If current page fund name starts with "The last fund name of previous PDF page" and with more contents below, then remove "The last fund name of previous PDF page".
Share class names with currency
Reason
The currency in document not next to share name
Solution
If can't get relevant text from PDF page contents, and the last word of share class name belongs to currency, remove currency from share class name, then try again.
After implementing this solution, recall is from 95% to 96%
Can't find relevant text from current PDF page text
Reason
Hence apply try to merge previous page text into current page, perhaps the text is from previous page text.
Solution
Try to get previous page and search relevant value.
After implementing this solution, recall is from 96% to 98%.

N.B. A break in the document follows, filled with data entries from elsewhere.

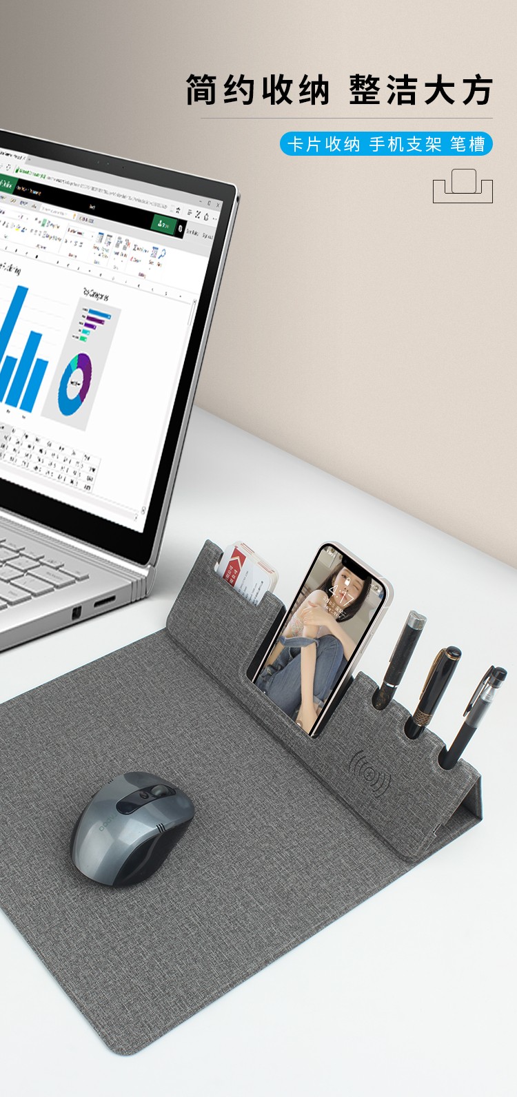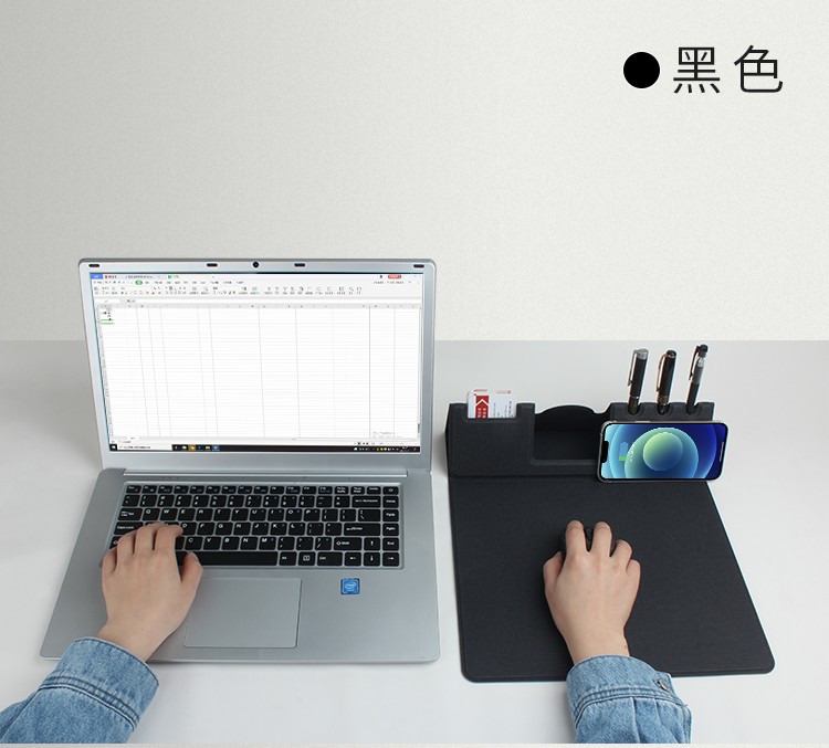 支架款無線充鼠標墊,手機一放,立即充電,給手機提供支架,布面,表面細膩、平整、操作穩定,底部淺絨,防滑穩固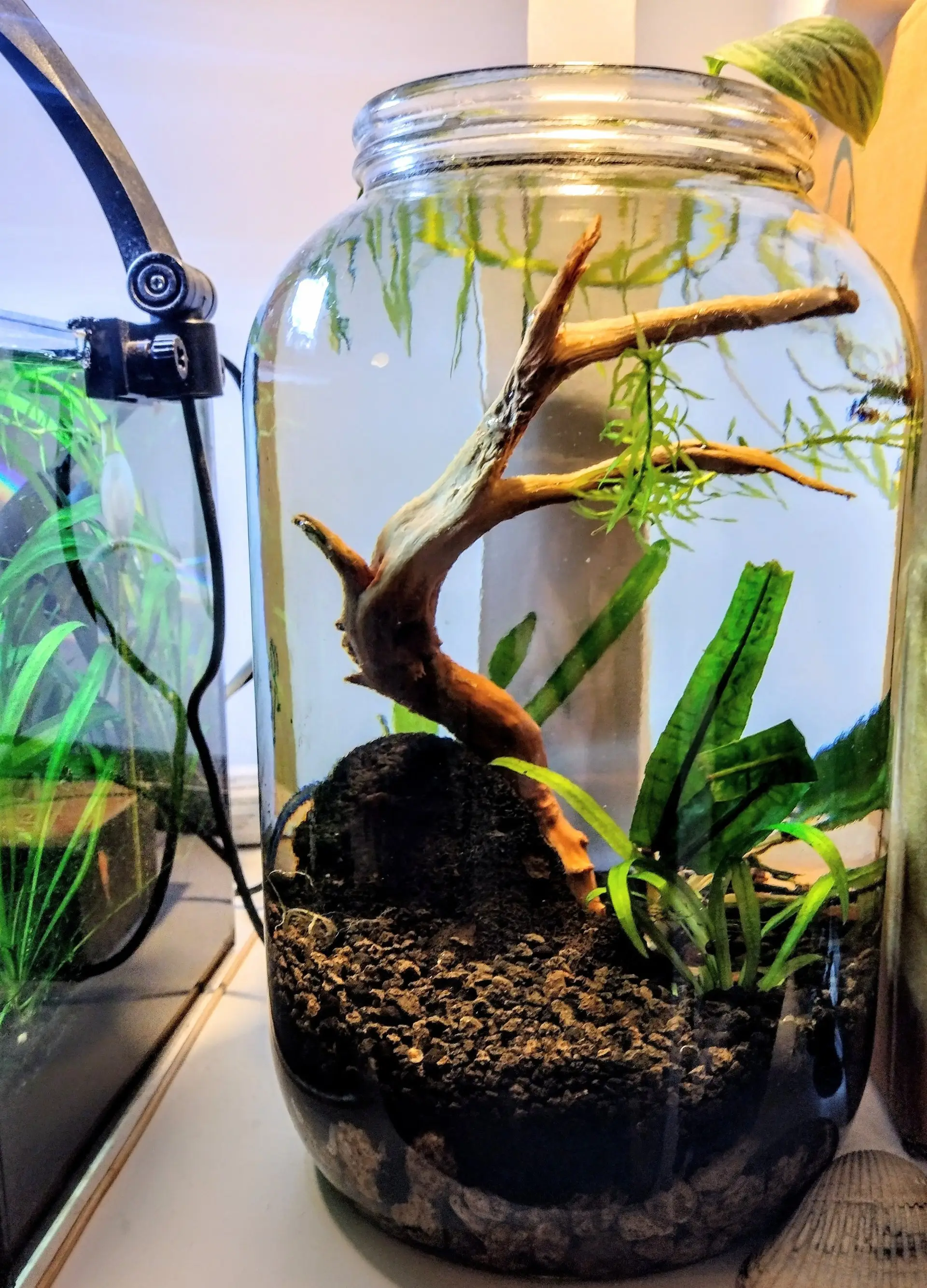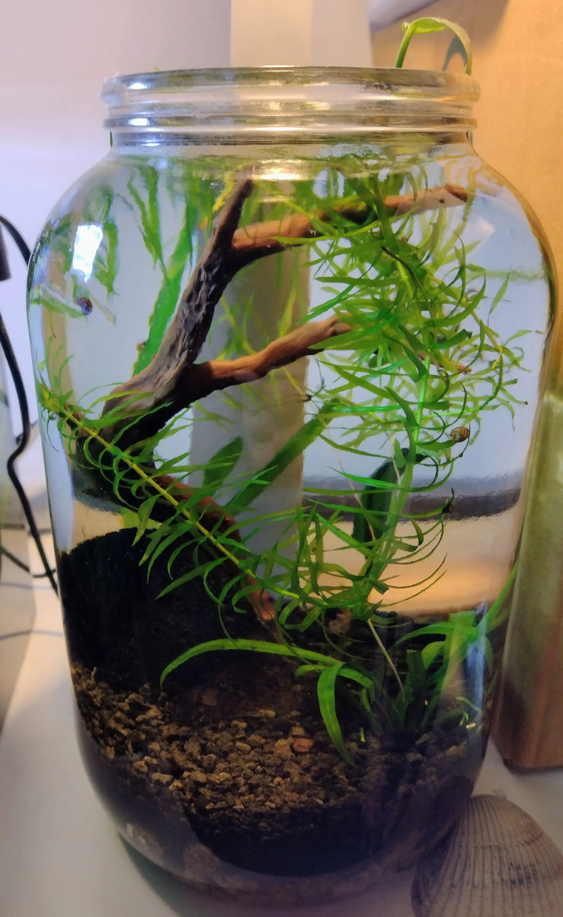 Popis: Do 3L nádoby od okurek jsem umístil nějaké rostliny z jiného akvária. Stejně tak rybičky. Sklenici jsem umístil na parapet. Teď se snažím stínit pokojovou rostlinou.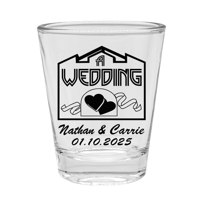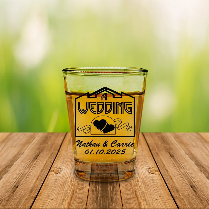 These 'Chapel' wedding themed shot glasses make for the perfect favors to commemorate your special day! Customize with your names and the memorable date. Our team of expert designers will take the information you provide and layout it out on this cute template design. You can even select from a variety of ink colors.

1. Get proper currency if exist multiple currencies in share name, e.g. CHF EUR
2. Default currency should be based on scenario: USD or EUR.
3. Remove special chars should be based on \W, instead of [^a-zA-Z0-9\s]

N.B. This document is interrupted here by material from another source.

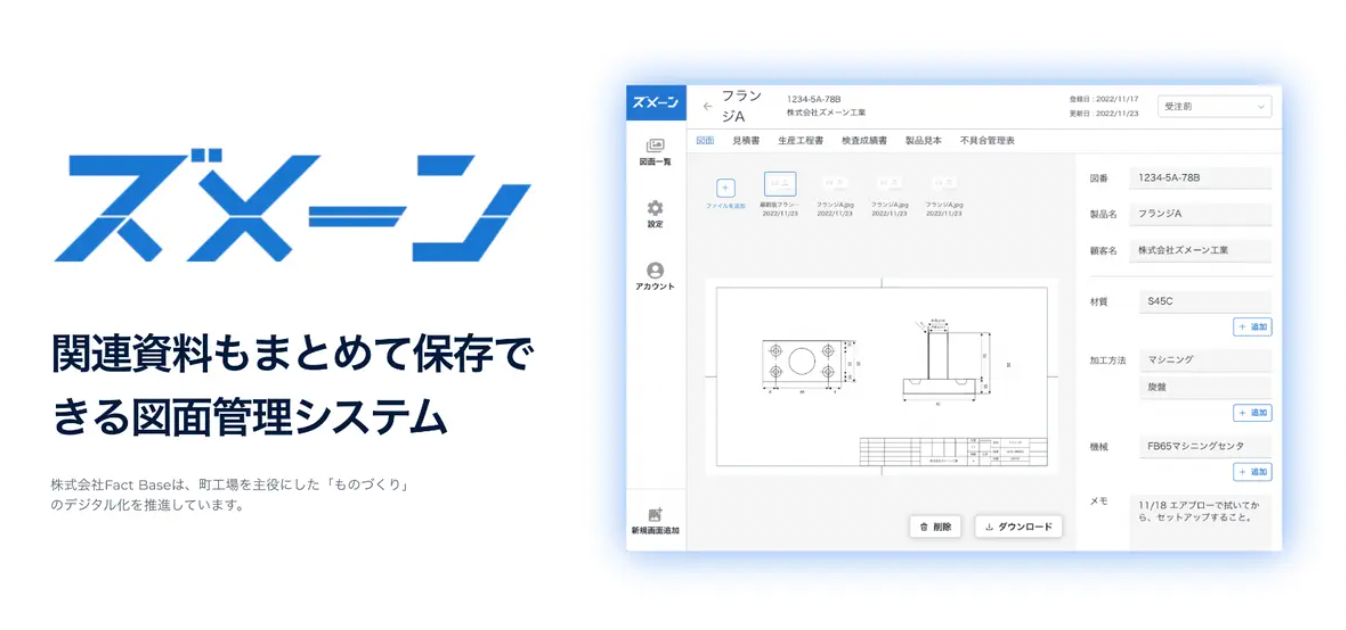 株式会社Fact Baseが提供する、図面と関連書類を紐づけてクラウド上で一元管理できる図面管理システム「ズメーン」は、2022年11月にサービス開始以降、順調に導入社数が増加し、このたび200社を超えるお客様に導入頂いたことをここにお知らせいたします。

Examples document 532422720
M&G European Credit Investment Fund A CHFH Acc -> M&G European Credit Investment Fund A CHF H Accumulation
M&G European Credit Investment Fund A CHFHInc -> M&G European Credit Investment Fund A CHF H Income
M&G European High Yield Credit Investment Fund E GBPHedgedAcc -> M&G European High Yield Credit Investment Fund E GBP Hedged Accumulation
Consider some share class names are with multiple short name, e.g.
CPR Invest Global Disruptive Opportunities Class I sw EUR - Acc
The short names are I and sw
The purpose is to support get all of short names from share class name.
For multiple currencies in fund/ share name, if exist USD, remove it
Fix the issue for split words without space
If there is no currency in share class name, try to get same currency from document mapping which with same fund name and same short share class name.